— Негоже его тут оставлять.
Дождь крепко шуганул баб и разогнал со слободских улиц детей. Но Алена со Степанидой всё же остереглись идти улицей. Степанида показала, как можно убраться отсюда огородами.
Когда они, отойдя сотни на три шагов, вконец промокшие, остановились постоять чуток, невзирая на ливень, — Алене узлы ладони резали, у Степаниды нога болела, — то ворожея единственным своим глазом углядела такое, отчего задышала громко и стала тыкать в Алену пальцем:
— Глянь, глянь! Это что же такое деется? Господи Иисусе!
Деялось воистину диковинное — стоило бы им обеим пройти еще шагов с десяточек, и вышли бы они из-под дождя вовсе.
Грозовая туча висела над слободой, ее лишь и поливая, а вокруг было сухим-сухонько.
Отойдя и подняв глаза к небу, Степанида это явственно и увидала.
— Что деется, что деется… — проворчала Алена. — Пошли отселе, пока вся слобода не задумалась — что деется…
— Алена… — как-то неуверенно произнесла Рязанка. — А ведь тебе такое досталось!..

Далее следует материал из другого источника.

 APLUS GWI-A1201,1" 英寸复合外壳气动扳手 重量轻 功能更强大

— Идем, Никитишна, — приказала Алена.
И они ушли огородами, и дали крюка, и выбрели бог весть где, а оттуда уж направились к Гончарам, где Алена случайно отыскала близ Красного холма, на краю гончарной слободы, не то чтобы брошенную, а временно не нужную хозяйке избу. Хозяйка та, пожилая вдова, повадилась летом уходить на богомолье и однажды дошла до самого Киева. Теперь, когда того гляди начнется распутица, а ее всё нет и нет, сноха, смотревшая за избенкой, поняла, что свекровь переждет слякоть в богадельне при какой-либо обители, а по снежному первопутку и явится. Алена и уговорилась, что до прихода богомолицы поживет, и две гривны задатку дала, да еще за обзаведенье особо уплатила — за мисы, бочата, ковши, ложки, всякую кухонную утварь. На вопрос же, кто такова, отвечала, что ее, убогую вдову, мужнина родня со двора согнала.

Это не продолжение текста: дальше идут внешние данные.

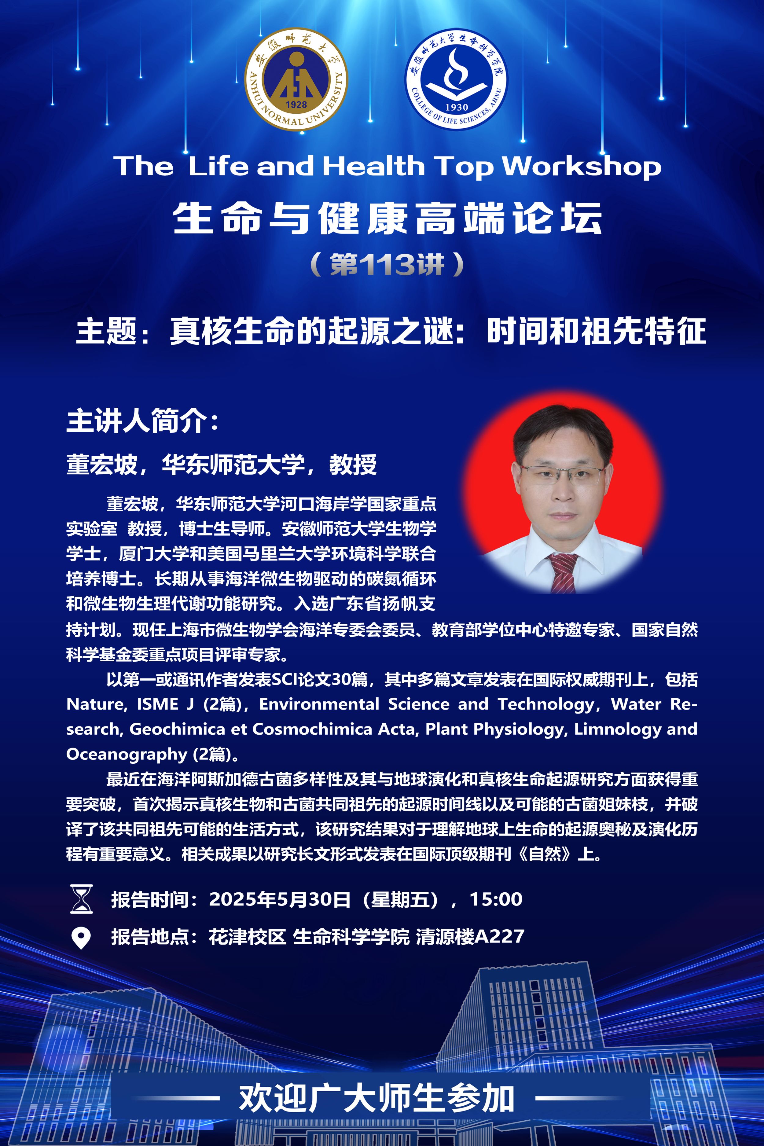 【学术预告】生命与健康高端论坛第113讲:真核生命的起源之谜:时间和祖先特征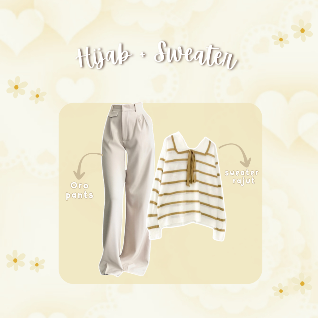 Set Korean Hijab Wanita Hijab+Sweater+Celana Set Remaja Kekinian - LO64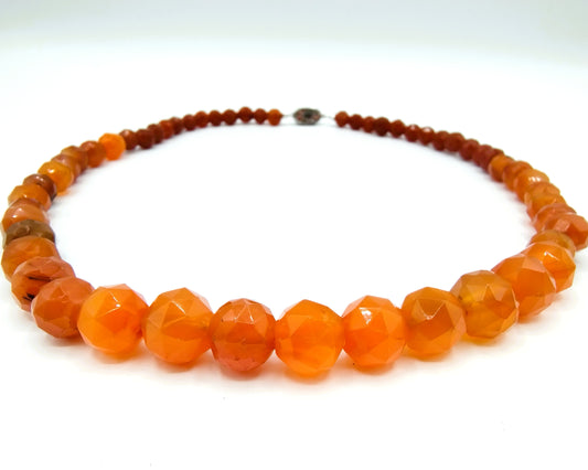 Boerengranaten ketting met een zilveren bolslot, A. de Groot, Schoonhoven, 67 cm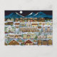 The full moon glows over the beautiful Cascade Mountain Peaks. The small village of Sisters is alive with holiday cheer. The image is taken from an original painting by International Artist Jennifer Lake.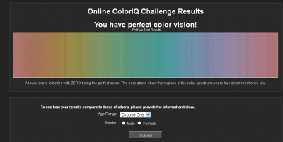 A lower score is better, with ZERO being the perfect score. The bars above show the regions of the color spectrum where hue discrimination is low. To see how your results compare to those of others, please provide the information below.

Дешево снять избу удалось и еще по одной причине — место было низменное, время от времени Москвой-рекой затопляемое. Зосимо-Савватиевскую мужскую обитель, нерасчетливо выстроенную поблизости еще при царе Алексее Михайлыче, пришлось перевести куда подальше, говорили, что братию отправили в город Бронницы, одни стены остались. И грозились старики, что нынешней осенью как раз и следует ждать потопа.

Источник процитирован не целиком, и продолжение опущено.